寂しがり屋なのに意地っ張り。すぐ泣いちゃうし、素直になれないし、口は悪い。
作者のタアモさんも書いていますが、まるっきり中2w
ちょっと困ったこの性格には、彼女の生い立ちが関係してきます。
彼女はこれまでの家庭環境により、「暖かな家庭」に恵まれなかった。
幼いころから両親の仲が悪く、離婚した後に彼女は父親に付いていきますが
父の再婚相手とはギクシャクし、父は自分のことをどう思っているのか分からない。
子供の頃からずっとずっと、真魚は寂しさをこらえて生きてきた。
だから、今。
たった2人で、気心知れた幼馴染で、突然「暖かな家庭」を手にしてしまっても
彼女はどうすればいいのか、分かりません。
なのでとりあえず意地を張っておきます。
「寂しかったら話し相手くらいはしたげる」
真正面から言えないんですよ、「寂しい」なんて。
分からないんですよ、どうすれば満たされるのか。
だからこの言葉にメッセージを隠しています。
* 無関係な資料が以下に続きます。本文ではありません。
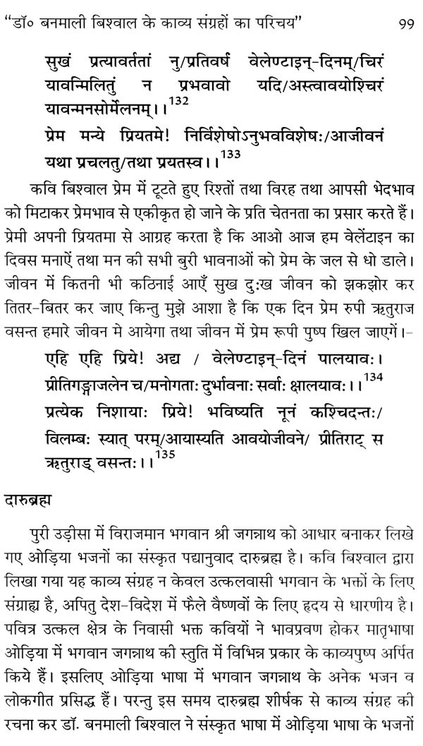 In her present title, Dr. Kusum Sharma keeps record of my seven collections of Sanskrit poems and four collections of Sanskrit stories. The great poetic journey starts from सङ्गमेनाभिरामा (1996) to यात्रा (2002) passing through व्यथा (1997), त्रऋतुपर्णा (1999), प्रियतमा (1999), वेलेंटाइन्-डे-सन्देशः (2000) and दारुब्रह्म (2001) as important milestones in between. Contextually she passes references to my collections of short stories including नीरवस्वनः, बुभुक्षा, जगन्नाथचरितम् and जिजीविषा along with the single collection of my Odia stories titled as सकालर मुहँ एषणा is my new collection of Sanskrit short stories being published by Central Sanskrit University. I have a couple of collections of Odia poems, namely, वञ्च तुमे मो आयुष नेइ and कश्चित्कान्ता ... My translated Sanskrit writings include तारा अरुन्धती, विवेकलहरी (poems), जन्मान्धस्य स्वप्नः (stories) and पत्रालयः (drama) etc. So far as my unpublished works are concerned, two novels and two Sanskrit dramas, one mahakavya (महात्म माहात्म्यम्) as well as more than ten khandakavyas are still awaiting publication. Some of my khandakavyas are recently published in Padyabandha which is a unique periodical of Sanskrit poetry. Similarly Kathasarit is a unique periodical of Sanskrit stories and Drik is a unique periodical on criticism of contemporary Sanskrit literature. I am happy to note here that I have been a part and partial of these contemporary Sanskrit journals so far as the editing is concerned.I have edited more than 100 issues of more than ten contemporary Sanskrit/Odia/Hindi periodicals some of which are related to contemporary Sanskrit Research.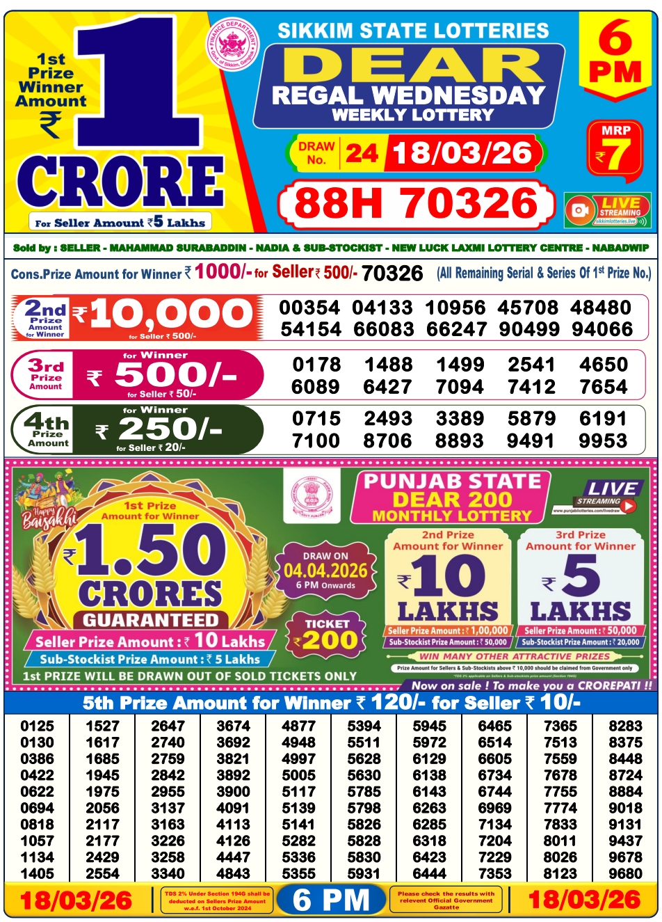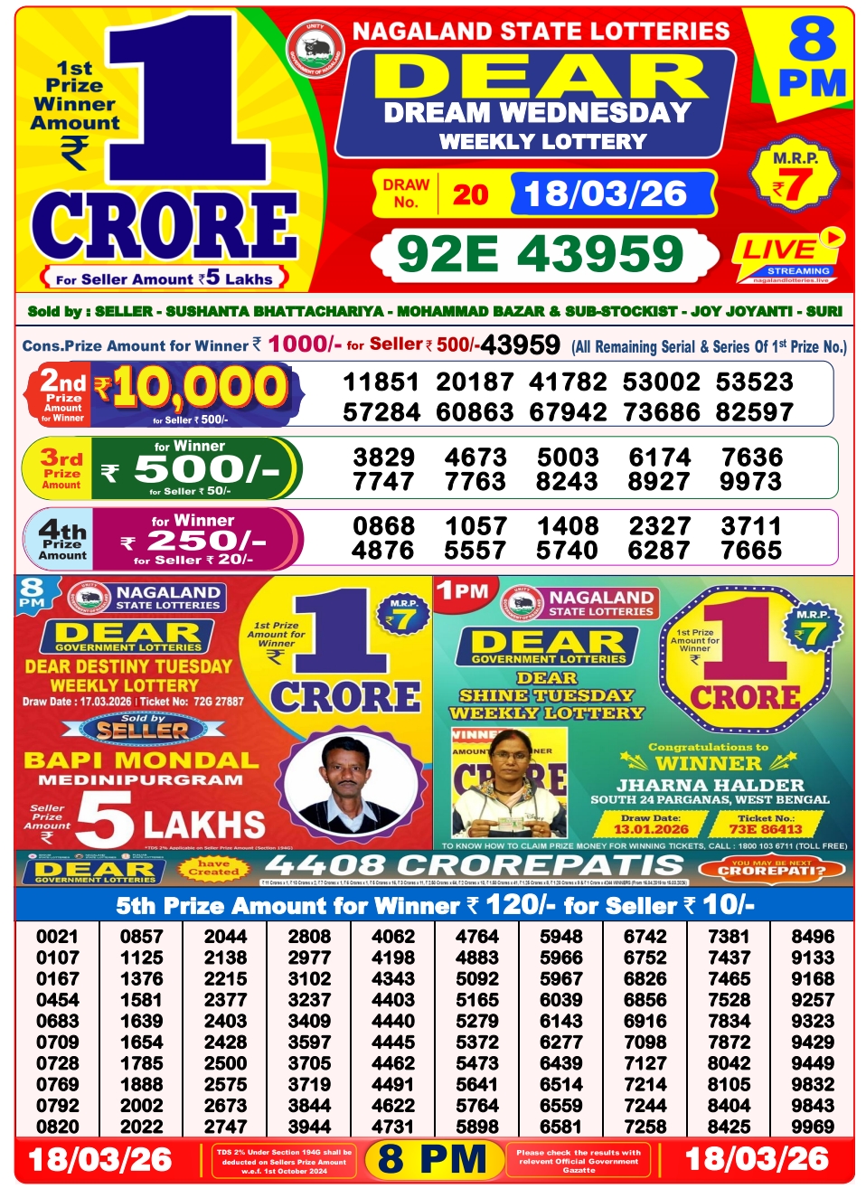 Lottery Sambad 18.3.2026 Result Today 1 PM, 6 PM, 8 PM Nagaland State Lottery LIVE

「一緒にいて」と。
くぅおおおぉ・・・・・・この保護欲を掻きたてられる感じは・・・ッッ
優しくされても悪態ついちゃうし、感謝の言葉なんて言えっこない。
不器用な言葉と、ちょっとだけ期待を滲ませた行動で、気持ちを伝えてくる。
素直になれない女の子というのは、素敵なものですね・・・!
そして初めて家族らしい家族になれたことで、彼女には家庭のルールが課せられます。
その中に「門限」という、子供によく課せられる約束事項が。
しかしなぜかこれに大喜びの真魚ちゃんです。
はしゃぎすぎてちょっと空気読めてない娘になっちゃってます。
しかしこんなに喜ぶのも、考えてみれば当然でした。
子供の頃、彼女の帰りを待っててくれる人は、いませんでした。
門限というのは、つまり、誰かが自分を待っていてくれること。
そんな当然のことすら、彼女には経験の無いことだったのです。
彼女の孤独の傷の深さを象徴するエピソードですが
同時に今の彼女が手にしているぬくもりの尊さが、印象的に伝わるお話でした。
もちろん真魚だけでなく基の中にも、寂しさはあります。
両親を失い、兄弟とは離れ離れ。
たった1人で、たくさんの思い出が詰まった大切な家を守っています。
彼もまた少し面白い立ち位置にいますね。
面白いのが真魚が彼のためにと家事を手伝ったのに、基は複雑な表情を見せる点。
基は真魚のためにやれることは全部してあげます。
忙しくてもご飯を作るために家に帰るし、彼女の内面のサポートもか。
それを感じて真魚が頑張ったのに、それがちょっと不満という。
大切な人だからこそ、なにかしてあげたい、役にたちたい。
そんな思いやりを互いにするものだから、逆に不満が溜まっていくw
基は未だに真魚を子供扱いというか、自分に頼り切って欲しいと思っているみたい。
なにもしなくていい、この家にいてくれるだけでいい、と。
しかし否が応にも真魚を「女の子」として意識せざるを得ない展開が1巻ラストに!
これを受けて基がどう変わるのか・・・!2巻が楽しみです!
「おかえり」と「ただいま」。
そんなありふれたはずの会話が、キラキラ輝いて見える瞬間。
全然特別なんかじゃない・・・。けれどそれが特別になったお話です。
タイトルの「たいよう」は、普遍的だけど1つしかない尊いもの、という意味もあるかな。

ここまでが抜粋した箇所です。